ILV on follow-up neuroimaging represents a biomarker of stroke treatment efficacy, and follow-up NCCT still represents the imaging modality of choice in most of the countries worldwide. Automated (software-based) measurement of ILV by a reliable software has a potential to overcome the shortcomings and time demands associated with manual infarct delineation. It was demonstrated previously that the Brainomix software was non-inferior compared with expert radiologists for baseline ASPECTS reading [7,8,9]. Its newer versions enable to measure the volume (extent) of early ischemic changes on baseline NCCT (in addition to the ASPECT score) and ILVs on follow NCCT in short processing time, which might be considered helpful and beneficial in everyday practice. We demonstrated that the Brainomix software and radiology experts detected the concurrent ischemic changes in particular ASPECTS regions on follow-up neuroimaging (NCCT vs DWI-MRI) with similar accuracy.

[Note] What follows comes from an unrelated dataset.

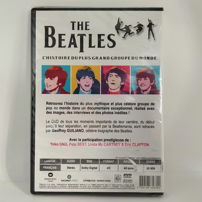 - Artiste : The Beatles - Titre : L'histoire du plus grand groupe du monde - Format : DVD - Etat : Neuf & Emballé - Genre : Documentaire / Rock - Pressage Pays : France - Label : Warner Music France - Code EAN : 3760108356702 - Année de sortie : 2012 📸 Consultez mes photos pour vérifier l'état de l'article. ✅ Votre achat est expédié sous 48h (sauf weekends et jours fériés) ✅ Mes Colis sont toujours soigneusement emballés et protégés ! ✅ Mon dressing est mis à jour régulièrement. Abonnez-vous à mon profil pour ne pas manquer les nouveaux arrivages. Sébastien.
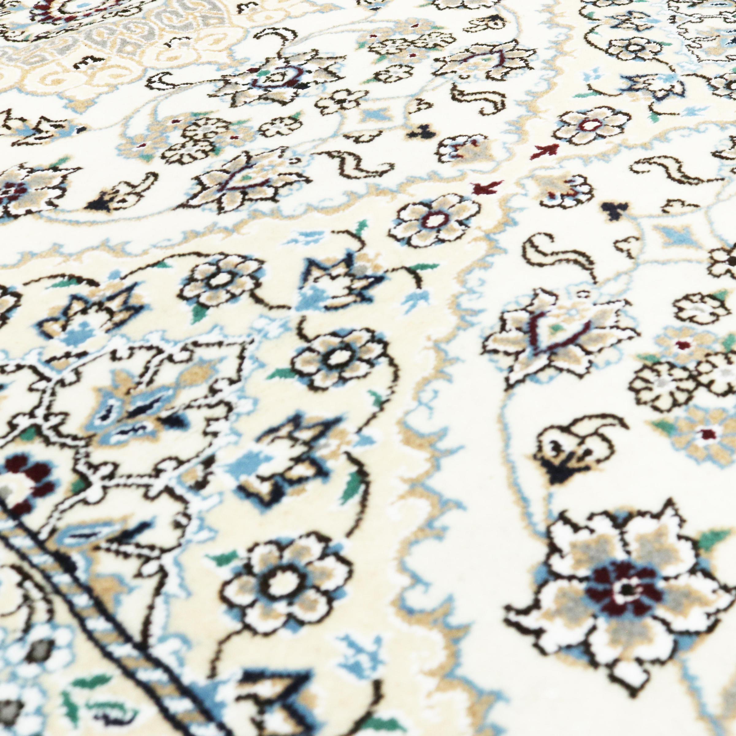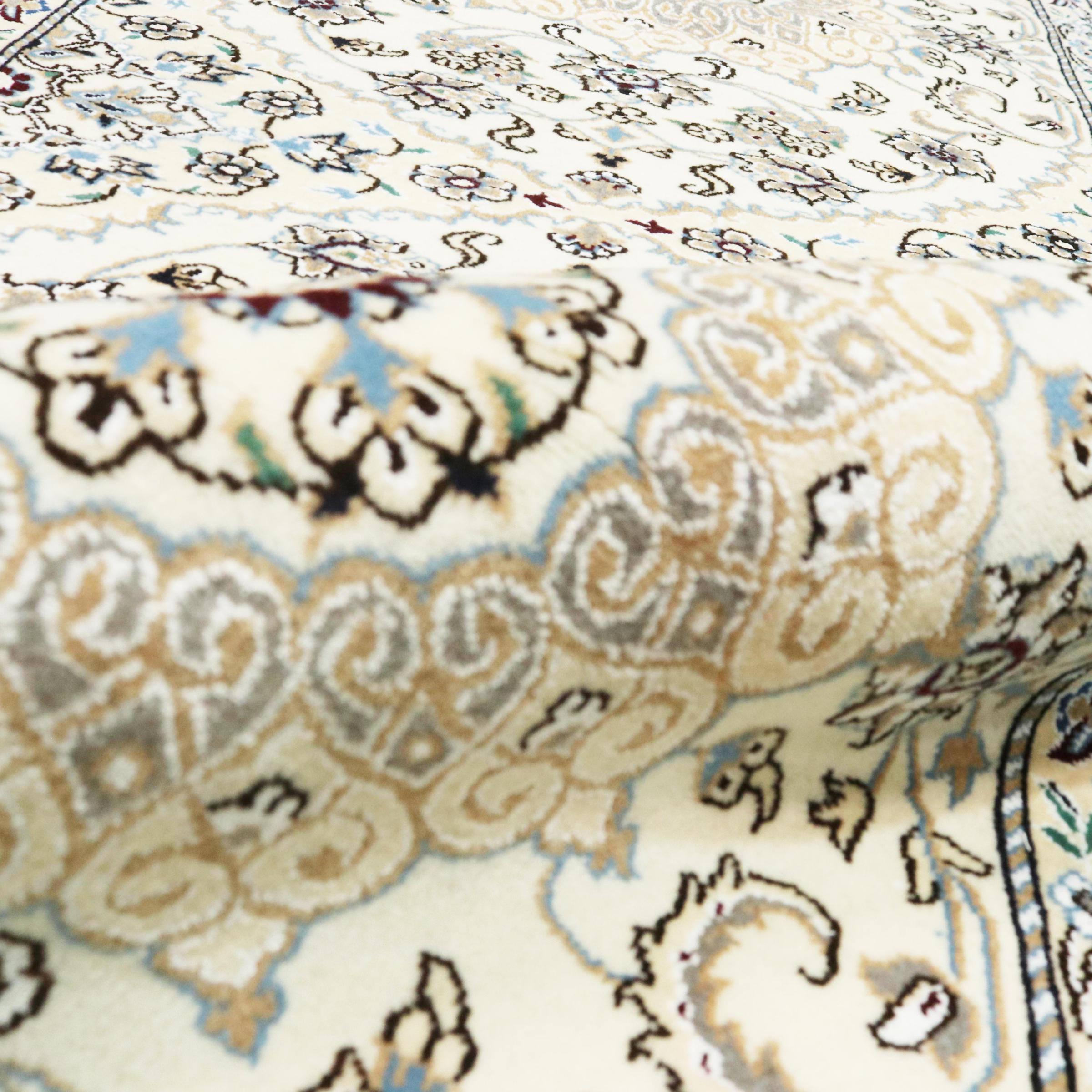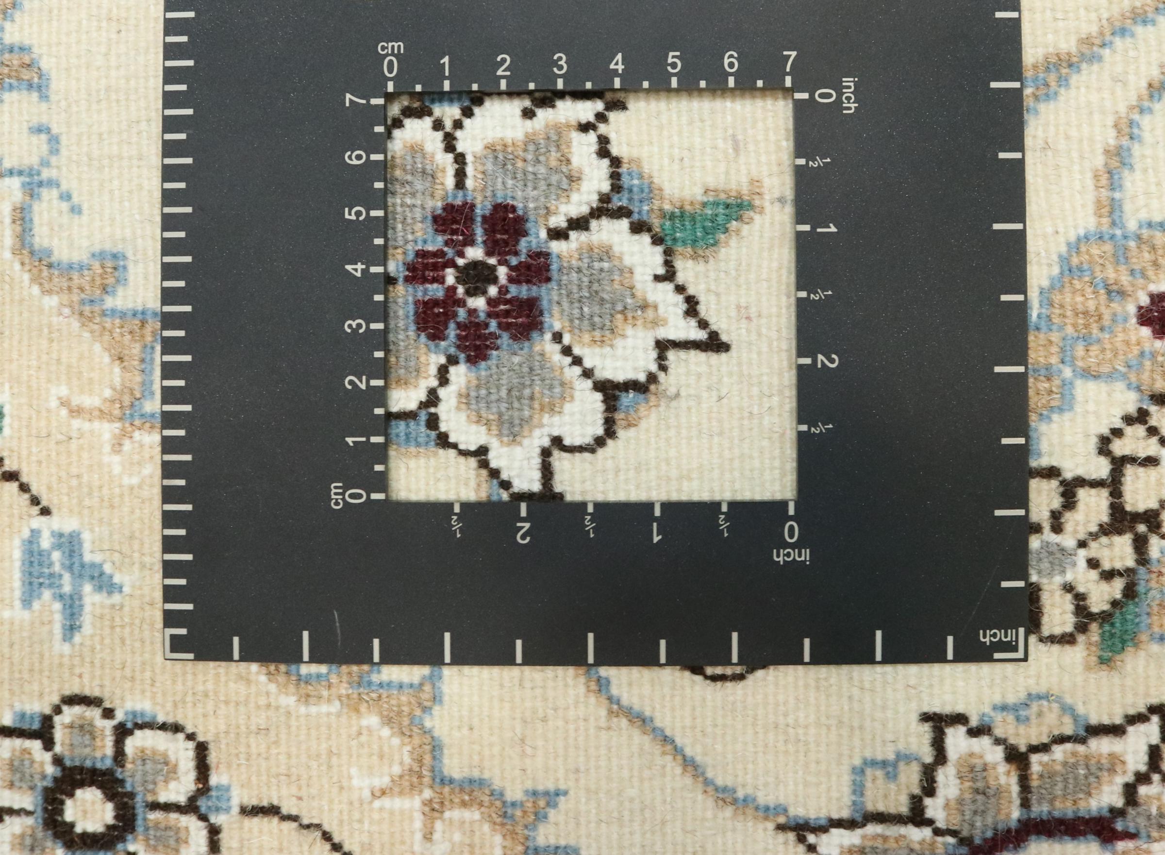 This Nain rug is classified as 9La. The excellent quality, the beautiful oriental design with its curvilinear patterns will delight every buyer. This Persian rug was hand-knotted in the city of Nain, which lies on the western edge of the Dasht-e-Kavir desert, from high-quality wool and natural silk. 9La Nain rugs are significantly finer than a 12La and already show beautiful details.

The relationship between ILV outlined manually on NCCT, DWI, or FLAIR at the median time of 42 h and favorable clinical outcome in patients receiving EVT was studied before and found no differences in outcome prediction regardless the used imaging modality—implying that providing a follow-up NCCT might be sufficient for ILV measurements [10]. Manual ILV delineation on 27-h NCCT or FLAIR was used in a study by Albers et al. [3]. Software-assisted manual outlining of 24 h-NCCT ILV by using the ITK-Snap software was used in a study by Bucker et al. [1]. In comparison to the studies mentioned above, our study was one of the first testing the clinical utility of fully-automated software in ILV measurement in a prospective EVT cohort. Since our study was limited by the number of enrolled patients, we did not test the association between ILVs and 3-month clinical outcome.

Our study has several limitations including small sample size and single-center experience. The ILVs were measured by using two different imaging techniques (NCCT vs DWI-MRI) and expert reading versus automated software, which have different infarct conspicuity. Additionally, the Brainomix software is not able to measure ILV in the presence of hemorrhagic transformation or parenchymal hemorrhage, which limits its generalizability and should be overcome in future versions of the Brainomix software.

In conclusion, NCCT ILV measured automatically by the Brainomix software might be considered an additional early radiological outcome measure in everyday clinical practice.